As described above, according to the first feature of the present invention, the cooling air generated by the fan is supplied to the motor, and the warm air heated when the motor is cooled is supplied to the battery as it is. Therefore, the battery can be heated without using a special heat source and without using a dedicated fan. As a result, the performance of the battery can be improved without increasing the cost and weight of the vehicle, and the extension of the mileage thereof and the reduction of the charging time can be achieved.

According to the second aspect of the present invention, the cooling air of the motor is used to cool the control unit of the motor, so that the environment of the control unit can be improved without increasing the cost and weight of the vehicle.

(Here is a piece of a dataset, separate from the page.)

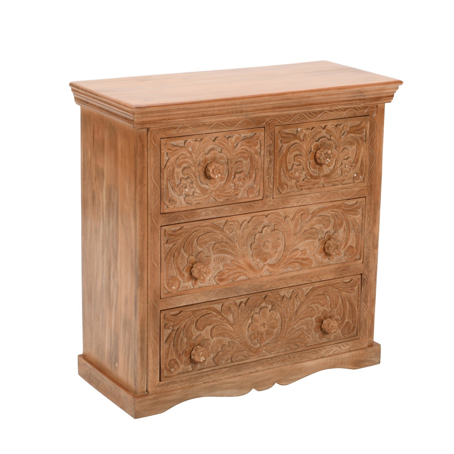 The warm and inviting tone of the mango wood adds a cosy feel to your bedroom or living room, while the carved detailing and elegant handwork adds a touch of elegance. The chest of drawers is both sturdy and durable, ensuring that it will last for years to come.

You can keep it right.

[Brief description of drawings]

FIG. 1 is an overall side view of a motorcycle according to a first embodiment.

FIG. 2 is a side view of a rear vehicle body.

FIG. 3 is an enlarged view of a main part of FIG.

4 is a sectional view taken along line 4-4 of FIG.

5 is a view in the direction of arrow 5 in FIG.

6 is a view in the direction of arrow 6 in FIG.

7 is a sectional view taken along line 7-7 of FIG.

8 is a sectional view taken along line 8-8 of FIG.

9 is a sectional view taken along line 9-9 of FIG.

10 is a sectional view taken along line 10-10 of FIG.

11 is a sectional view taken along line 11-11 of FIG.

12 is a sectional view taken along line 12-12 of FIG.

FIG. 13 is a side view of the rear body of the motorcycle according to the second embodiment.

14 is a sectional view taken along line 14-14 of FIG.

[Explanation of symbols]

 B battery M power motor (motor) U control unit 85 first cooling air passage (cooling air passage) 86 second cooling air passage (cooling air passage) 87 third cooling air passage (cooling air passage) 88 fan 89 fourth cooling Air passage (cooling air passage) 91 Hot air passage 107 Fan 109 Cooling air passage 110 First warm air passage (warm air passage) 111 Second warm air passage (warm air passage)

Claims (2)

[Claims] 1. In an electric vehicle that travels using a motor (M) driven by a battery (B) as a power source, a cooling air passage (85) for supplying cooling air to the motor (M) with fans (88, 107). , 86, 87, 89, 10
9) and a hot air passage (91, 11) for supplying the hot air whose temperature has risen by cooling the motor (M) to the battery (B).
0, 111) and an electric vehicle. 2. The electric vehicle according to claim 1, wherein the cooling air cools the control unit (U) of the motor (M).